DATA FOR THIS EXERCISE:
----

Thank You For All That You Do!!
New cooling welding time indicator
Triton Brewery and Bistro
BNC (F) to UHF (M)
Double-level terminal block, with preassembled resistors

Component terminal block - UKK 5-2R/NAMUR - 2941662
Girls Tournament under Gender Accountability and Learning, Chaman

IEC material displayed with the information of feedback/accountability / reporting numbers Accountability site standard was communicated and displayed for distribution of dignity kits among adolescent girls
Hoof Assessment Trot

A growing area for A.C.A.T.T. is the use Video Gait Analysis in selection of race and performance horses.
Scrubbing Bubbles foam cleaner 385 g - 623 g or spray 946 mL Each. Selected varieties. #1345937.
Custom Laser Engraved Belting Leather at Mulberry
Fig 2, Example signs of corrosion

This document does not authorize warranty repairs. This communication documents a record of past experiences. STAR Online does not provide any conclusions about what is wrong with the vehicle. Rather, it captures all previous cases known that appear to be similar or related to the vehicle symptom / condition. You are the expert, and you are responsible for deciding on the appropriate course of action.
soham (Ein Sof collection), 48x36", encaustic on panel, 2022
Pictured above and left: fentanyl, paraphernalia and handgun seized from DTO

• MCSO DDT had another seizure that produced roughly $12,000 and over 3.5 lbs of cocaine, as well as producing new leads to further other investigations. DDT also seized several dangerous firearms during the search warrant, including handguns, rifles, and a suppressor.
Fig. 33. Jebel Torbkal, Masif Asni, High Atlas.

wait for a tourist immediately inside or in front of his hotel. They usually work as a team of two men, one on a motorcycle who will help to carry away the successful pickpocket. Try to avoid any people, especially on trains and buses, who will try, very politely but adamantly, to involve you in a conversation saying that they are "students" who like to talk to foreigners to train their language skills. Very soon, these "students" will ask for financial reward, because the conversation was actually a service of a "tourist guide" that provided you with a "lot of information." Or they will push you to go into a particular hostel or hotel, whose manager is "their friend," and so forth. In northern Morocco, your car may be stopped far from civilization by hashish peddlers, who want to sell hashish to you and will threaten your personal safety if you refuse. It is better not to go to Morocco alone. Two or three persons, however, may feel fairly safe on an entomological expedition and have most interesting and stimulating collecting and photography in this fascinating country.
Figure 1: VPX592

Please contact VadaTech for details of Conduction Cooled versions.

----

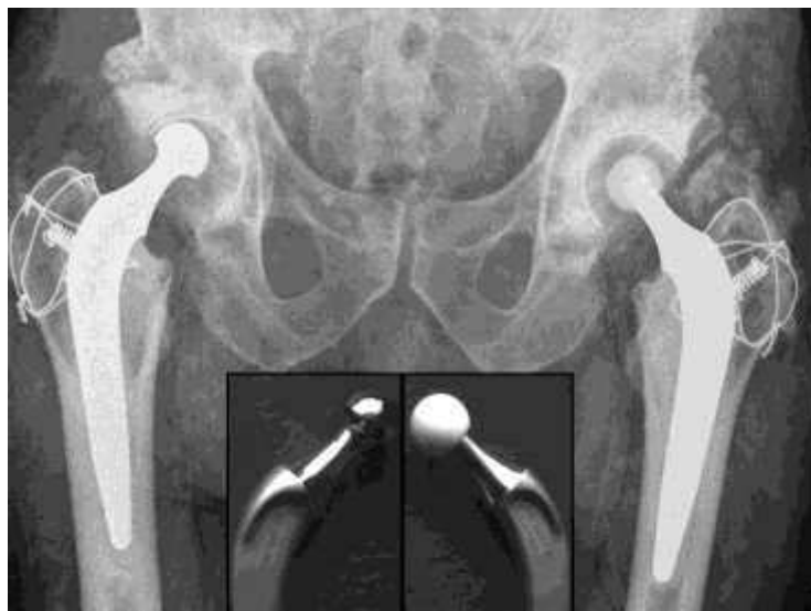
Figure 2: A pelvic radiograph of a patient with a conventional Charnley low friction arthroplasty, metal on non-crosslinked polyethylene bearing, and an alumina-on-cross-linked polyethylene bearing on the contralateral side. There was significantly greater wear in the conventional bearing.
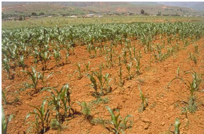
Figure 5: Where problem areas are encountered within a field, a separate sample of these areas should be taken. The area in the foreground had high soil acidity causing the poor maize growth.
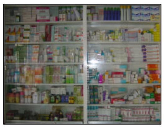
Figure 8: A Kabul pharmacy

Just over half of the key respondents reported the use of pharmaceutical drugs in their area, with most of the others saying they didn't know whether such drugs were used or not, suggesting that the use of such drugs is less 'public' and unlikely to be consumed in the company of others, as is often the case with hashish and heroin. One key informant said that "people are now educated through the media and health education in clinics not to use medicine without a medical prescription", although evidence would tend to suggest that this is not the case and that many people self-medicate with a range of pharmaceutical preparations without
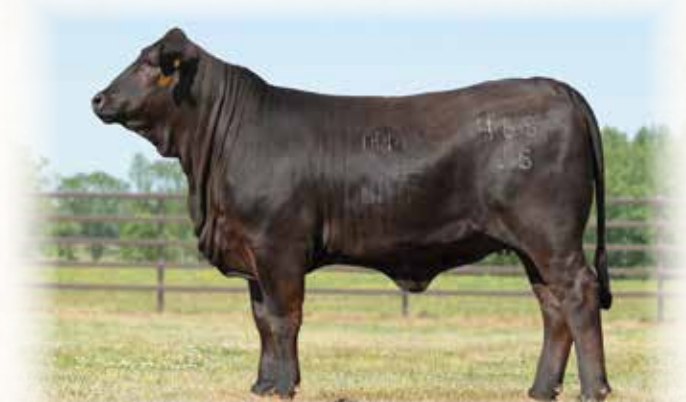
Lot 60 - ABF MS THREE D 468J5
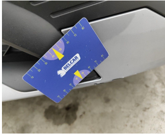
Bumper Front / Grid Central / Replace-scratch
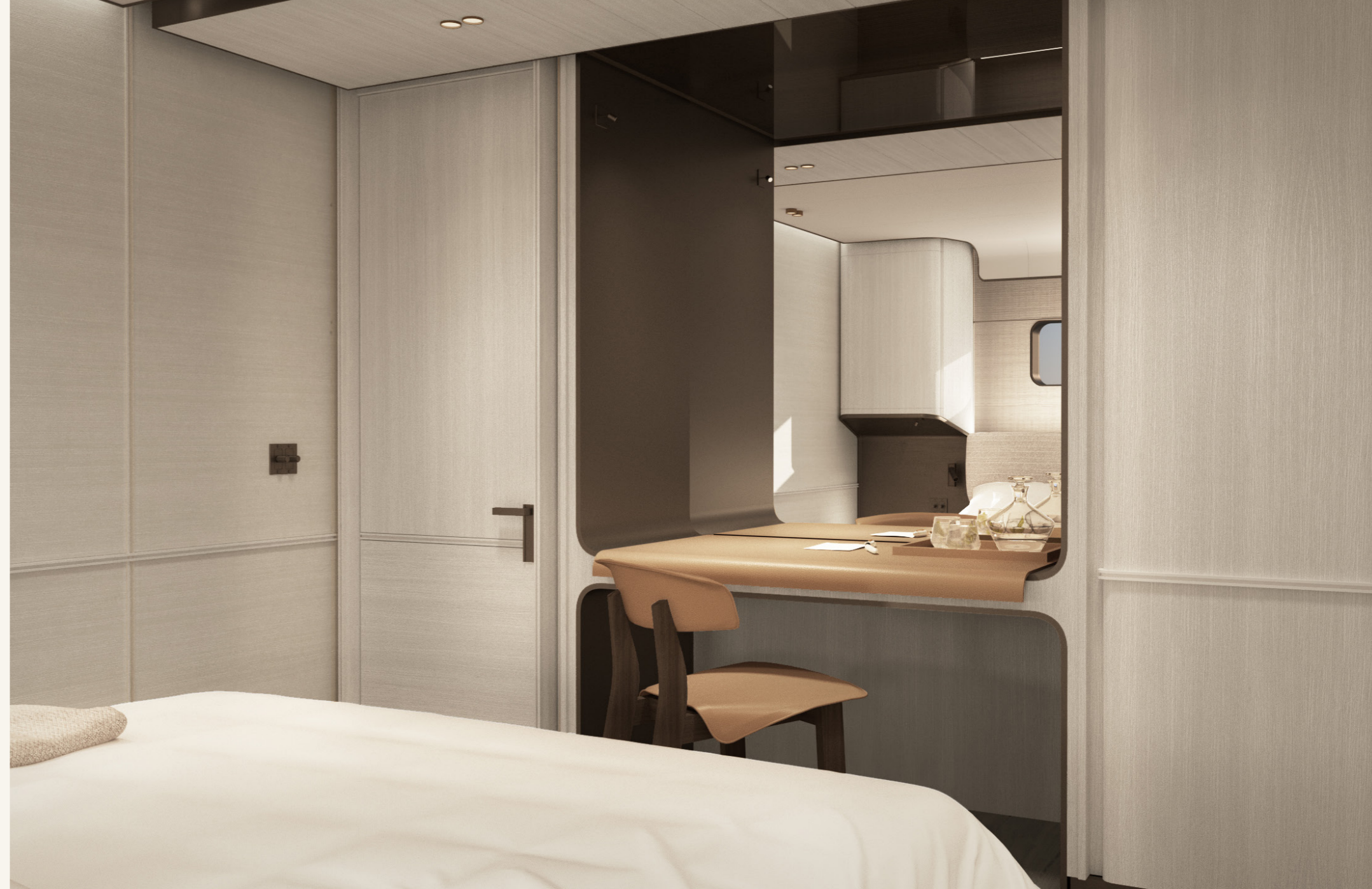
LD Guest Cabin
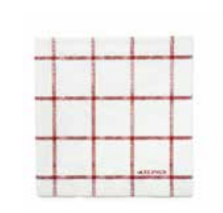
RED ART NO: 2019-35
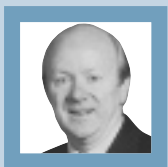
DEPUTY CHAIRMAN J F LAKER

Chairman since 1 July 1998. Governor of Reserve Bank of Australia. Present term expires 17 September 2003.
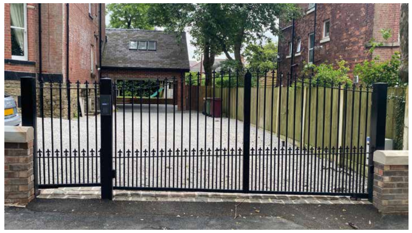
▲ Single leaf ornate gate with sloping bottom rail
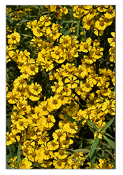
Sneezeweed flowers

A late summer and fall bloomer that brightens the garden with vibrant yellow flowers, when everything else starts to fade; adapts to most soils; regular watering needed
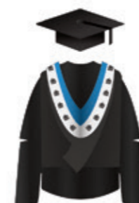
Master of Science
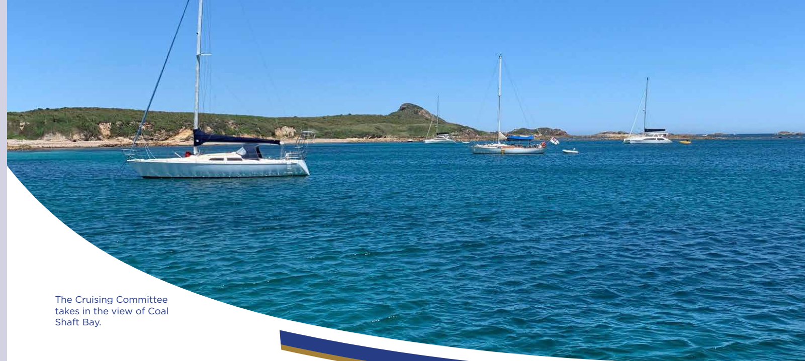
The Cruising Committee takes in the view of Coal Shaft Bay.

----

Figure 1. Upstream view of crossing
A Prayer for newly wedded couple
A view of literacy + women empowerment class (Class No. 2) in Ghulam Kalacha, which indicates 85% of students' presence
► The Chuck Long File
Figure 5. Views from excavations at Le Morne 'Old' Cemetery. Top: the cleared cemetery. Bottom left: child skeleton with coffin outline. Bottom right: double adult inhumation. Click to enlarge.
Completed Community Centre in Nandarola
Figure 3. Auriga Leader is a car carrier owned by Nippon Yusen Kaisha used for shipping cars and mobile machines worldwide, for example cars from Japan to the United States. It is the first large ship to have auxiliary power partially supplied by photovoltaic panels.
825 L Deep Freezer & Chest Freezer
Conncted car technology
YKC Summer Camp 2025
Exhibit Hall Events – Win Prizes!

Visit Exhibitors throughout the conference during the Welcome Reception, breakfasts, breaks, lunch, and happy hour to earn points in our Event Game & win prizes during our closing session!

----

BRIEF: Out of the entries above, write out only the lines between the line holding "Completed Community Centre in Nandarola" and the line holding "Exhibit Hall Events – Win Prizes!", inclusive, each exactly as given.

WRITTEN RESPONSE:
Completed Community Centre in Nandarola
Figure 3. Auriga Leader is a car carrier owned by Nippon Yusen Kaisha used for shipping cars and mobile machines worldwide, for example cars from Japan to the United States. It is the first large ship to have auxiliary power partially supplied by photovoltaic panels.
825 L Deep Freezer & Chest Freezer
Conncted car technology
YKC Summer Camp 2025
Exhibit Hall Events – Win Prizes!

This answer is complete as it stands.